Longtemps niée, la possibilité d’une influence du psychisme sur la santé et la guérison n’est plus discutable. L’étude des liens psycho-neuro-endocrino-immunologiques apporte la preuve d’un continuum dans la transformation et la circulation des informations au sein de l’être humain. Pourtant, il est encore difficile de conceptualiser la réunion des dimensions matérielles (le corps, ses mécanismes physiologiques et ses réponses émotionnelles) et immatérielles (la pensée, les croyances et les émotions vécues sous la forme de sentiments). Souvent notre langage se révèle approximatif pour décrire l’ensemble de notre expérience. Ceci est particulièrement vrai lorsque, nous exprimant en français, nous opposons le corps à l’esprit, oubliant au passage de préciser ce que nous entendons par l’esprit. De ce point de vue, le vocabulaire anglo-saxon est plus précis. Une précision très appréciable lorsqu’il s’agit de traduire des concepts d’une manière scientifique. Ainsi, par exemple, il paraît intéressant de pouvoir décrire les différentes dimensions de l’expérience humaine en parlant du corps (body), des émotions (soul), des pensées et des raisonnements intellectuels (mind). Trois niveaux d’information qui du plus matériel (le corps) au plus immatériel (les pensées) s’articulent autour d’un pivot central, véritable « cœur » de l’expérience humaine : les émotions, vécues dans le corps sous la forme de réactions physiques et traduites dans la pensée sous la forme de sentiments. Les émotions : lien entre le matériel et l’immatériel, dont l’étymologie latine (e-movere) nous rappelle que celles-ci mettent le corps et la pensée en mouvement. Les émotions qui constituent l’anima, l’âme (soul) qui anime le vivant.
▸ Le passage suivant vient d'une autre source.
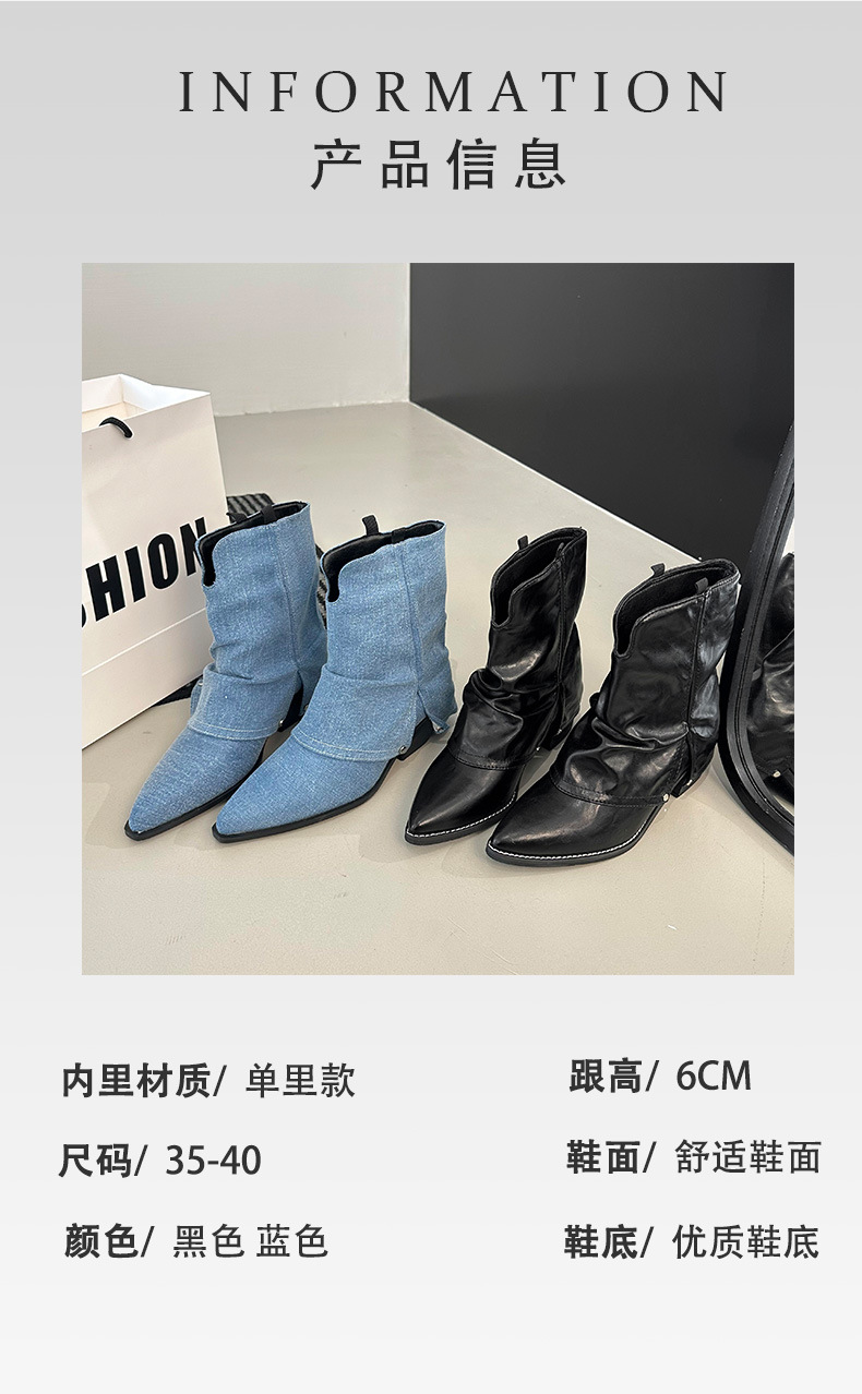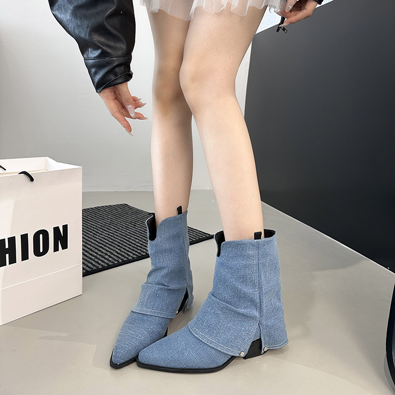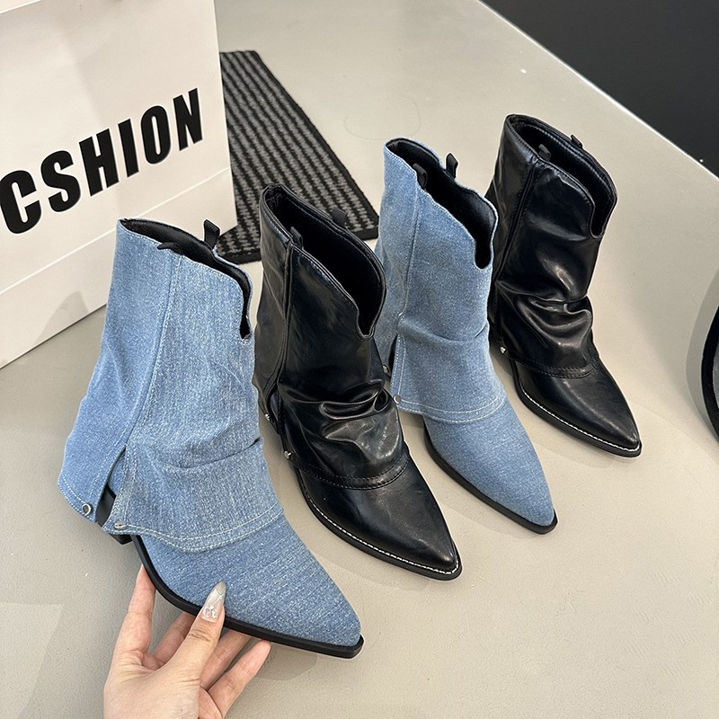 트렌디한 두꺼운 굽의 포인티드 토 팬츠 부츠, 스트리트 스타일의 짧은 부츠, 여성화, 2025 봄 여름 신상 겨울 웨스턴 카우보이 부츠스토어 가기
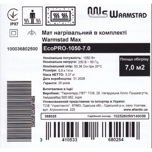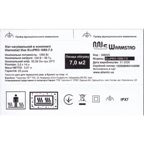 Мат нагревательный в комплекте Warmstad Max EcoPRO-1050-7.0 – двужильный электрический нагревательный мат от французского бренда Atlantic, производитель ООО «Термопад ПВТ», Индия.

Aborder l’indivisibilité de l’individu en termes d’information permet de suivre les chemins de l’évolution phylogénique du cerveau humain. En effet, en plus d’être constitué de deux hémisphères, notre cerveau est le résultat d’une superposition de trois étages. Le plus ancien, qualifié de reptilien, intervient dans le maintien de l’homéostasie, équilibre indispensable du corps. Le plus récent, appelé néocortex, est le siège de nos capacités de raisonnements. Et, entre les deux, le système limbique ou cerveau mammalien préside à l’élaboration de l’émotion. Ainsi à travers nos trois niveaux de conscience – physique, émotionnel, intellectuel - l’information qui nous constitue se transforme et est traduite de la réalité corporelle à l’imagination, du matériel à l’immatériel. La voie étant ouverte dans les deux sens, cette information peut aussi se métamorphoser de la pensée à l’action, de l’immatériel au matériel. Dans une perspective unitaire, nous découvrons que lorsque la circulation de l’information qui nous constitue est fluide, nous accédons à un quatrième état de la conscience : celui de l’expérience de l’esprit qui habite nos pensées, nos émotions et notre corps. Ce « souffle » qui nous traverse, le spirit anglo-saxon, le spiritus latin. Cette conscience de tout ce que nous sommes dans l’instant. C’est précisément ce que proposent certaines spiritualités, véritables « sciences de l’esprit », en recommandant la pratique de la méditation. Présent à nous-même dans l’instant, attentif à respirer en pleine conscience, nous apprenons alors à apaiser nos pensées. Automatiquement, cela rééquilibre nos émotions et détend notre corps. De récentes études montrent qu’avec le temps, la pratique méditative permet de stimuler plus facilement le cortex préfrontal gauche et, du coup, génère davantage d’émotions positives et stimule les défenses immunitaires.

Ainsi, après avoir analysé l’expérience humaine dans ses moindres détails, entre physiologie et psychologie, la science est en train de redécouvrir les liens qui permettent de remplacer les « ou » par des « et ». Notre compréhension des mystères du vivant y gagnera sans doute beaucoup.